During the 2011-12 school year, there were a total of 1,156 students attending classes in Langnau im Emmental. There were 9 kindergarten classes with a total of 155 students in the municipality. Of the kindergarten students, 8.4% were permanent or temporary residents of Switzerland (not citizens) and 18.7% have a different mother language than the classroom language. The municipality had 27 primary classes and 528 students. Of the primary students, 7.6% were permanent or temporary residents of Switzerland (not citizens) and 14.8% have a different mother language than the classroom language. During the same year, there were 19 lower secondary classes with a total of 332 students. There were 9.6% who were permanent or temporary residents of Switzerland (not citizens) and 16.3% have a different mother language than the classroom language. The remainder of the students attend a private or special school.

As of In 2000 2000, there were a total of 1,370 students attending any school in the municipality. Of those, 1,158 both lived and attended school in the municipality, while 212 students came from another municipality. During the same year, 210 residents attended schools outside the municipality. A total of 2 students from Langnau im Emmental attended schools outside Switzerland.
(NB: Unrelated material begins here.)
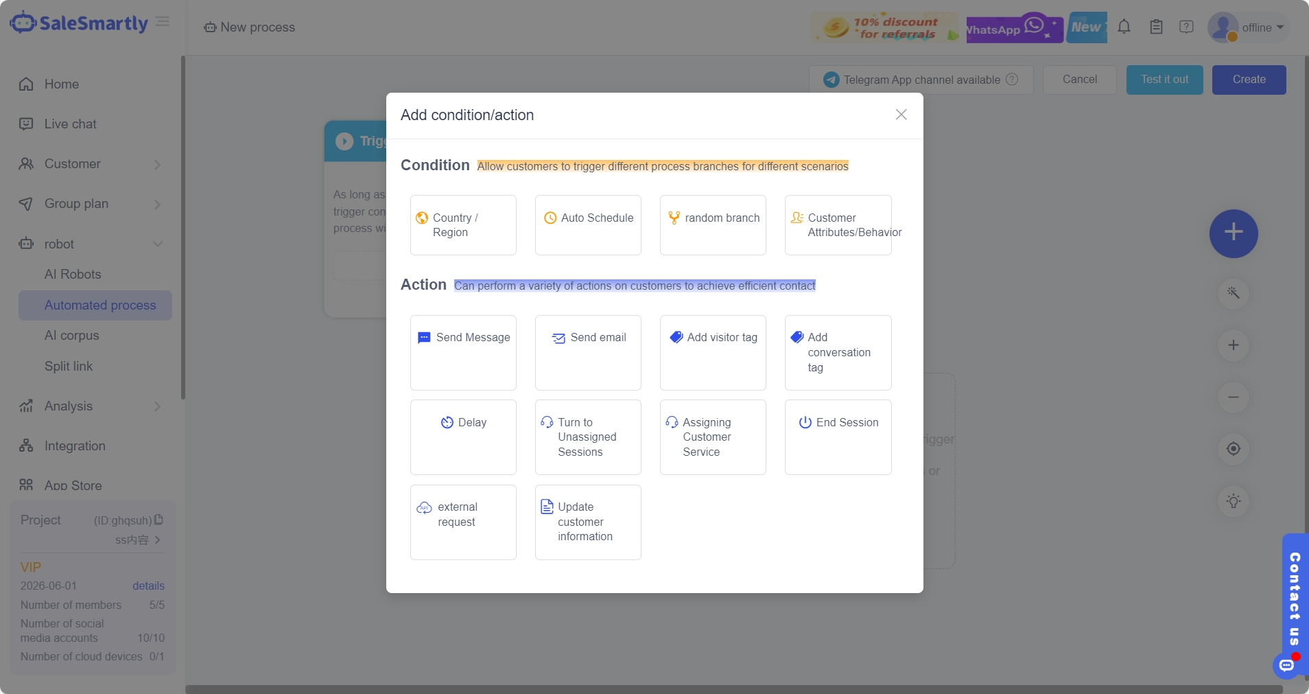Những người có kiến thức kỹ thuật có thể chọn tự phát triển để đáp ứng tốt hơn nhu cầu của riêng họ. Tuy nhiên, để thiết lập nhanh chóng, có thể chọn công cụ xây dựng như SaleSmartly, nơi nội dung được thêm trực tiếp. SaleSmartly có thể phù hợp với các tình huống kinh doanh khác nhau bằng cách sử dụng trình kích hoạt, điều kiện và hành động.

Langnau im Emmental is home to the Regionalbibliothek Langnau library. The library has (As of 2008) 21,478 books or other media, and loaned out 162,909 items in the same year. It was open a total of 221 days with average of 25 hours per week during that year.

==Climate==

Climate data for Langnau i.E., elevation 744 m (2,441 ft), (1991–2020)
| Month | Jan | Feb | Mar | Apr | May | Jun | Jul | Aug | Sep | Oct | Nov | Dec | Year |
| Mean daily maximum °C (°F) | 3.0 (37.4) | 4.6 (40.3) | 9.0 (48.2) | 12.9 (55.2) | 17.2 (63.0) | 21.0 (69.8) | 23.0 (73.4) | 22.6 (72.7) | 18.2 (64.8) | 13.5 (56.3) | 7.2 (45.0) | 3.5 (38.3) | 13.0 (55.4) |
| Daily mean °C (°F) | −0.6 (30.9) | 0.1 (32.2) | 4.0 (39.2) | 7.6 (45.7) | 11.7 (53.1) | 15.4 (59.7) | 17.1 (62.8) | 16.8 (62.2) | 12.9 (55.2) | 8.7 (47.7) | 3.4 (38.1) | 0.2 (32.4) | 8.1 (46.6) |
| Mean daily minimum °C (°F) | −3.9 (25.0) | −3.8 (25.2) | −0.6 (30.9) | 2.3 (36.1) | 6.4 (43.5) | 10.0 (50.0) | 11.7 (53.1) | 11.6 (52.9) | 8.2 (46.8) | 4.8 (40.6) | 0.1 (32.2) | −3.0 (26.6) | 3.7 (38.7) |
| Average precipitation mm (inches) | 73.1 (2.88) | 69.8 (2.75) | 81.7 (3.22) | 96.4 (3.80) | 148.5 (5.85) | 153.7 (6.05) | 155.9 (6.14) | 154.4 (6.08) | 108.8 (4.28) | 94.0 (3.70) | 84.2 (3.31) | 91.8 (3.61) | 1,312.3 (51.67) |
| Average snowfall cm (inches) | 25.6 (10.1) | 28.7 (11.3) | 13.8 (5.4) | 7.2 (2.8) | 0.0 (0.0) | 0.0 (0.0) | 0.0 (0.0) | 0.0 (0.0) | 0.0 (0.0) | 2.4 (0.9) | 10.0 (3.9) | 26.7 (10.5) | 114.4 (45.0) |
| Average precipitation days (≥ 1.0 mm) | 10.7 | 10.0 | 11.3 | 11.4 | 13.6 | 13.5 | 13.0 | 12.1 | 10.3 | 10.9 | 10.9 | 11.9 | 139.6 |
| Average snowy days (≥ 1.0 cm) | 4.6 | 5.0 | 2.9 | 1.4 | 0.0 | 0.0 | 0.0 | 0.0 | 0.0 | 0.1 | 2.1 | 4.6 | 20.7 |
| Average relative humidity (%) | 86 | 84 | 78 | 76 | 77 | 75 | 75 | 77 | 82 | 86 | 89 | 88 | 81 |
Source 1: NOAA
Source 2: MeteoSwiss

==Sport==
Langnau is known throughout Switzerland as a hockey town and is home to the SCL Tigers, which play in the National League (NL). They play their home games at the Ilfis Stadium. They have a rivalry with SC Bern which plays 30 kilometers away in the capital city.

== Notable people ==

- Florent Hadergjonaj, footballer representing the Kosovo national team
- Lia Wälti, footballer for Arsenal and captain of the Switzerland national team
- Noemi Zbären, is a hurdler. at the European U23 Championships 100 m hurdles, she won the gold medal, at the 2012 Summer Olympics, she competed in the Women's 100 metres hurdles, coming 6th in her heat with a time of 13.33 seconds.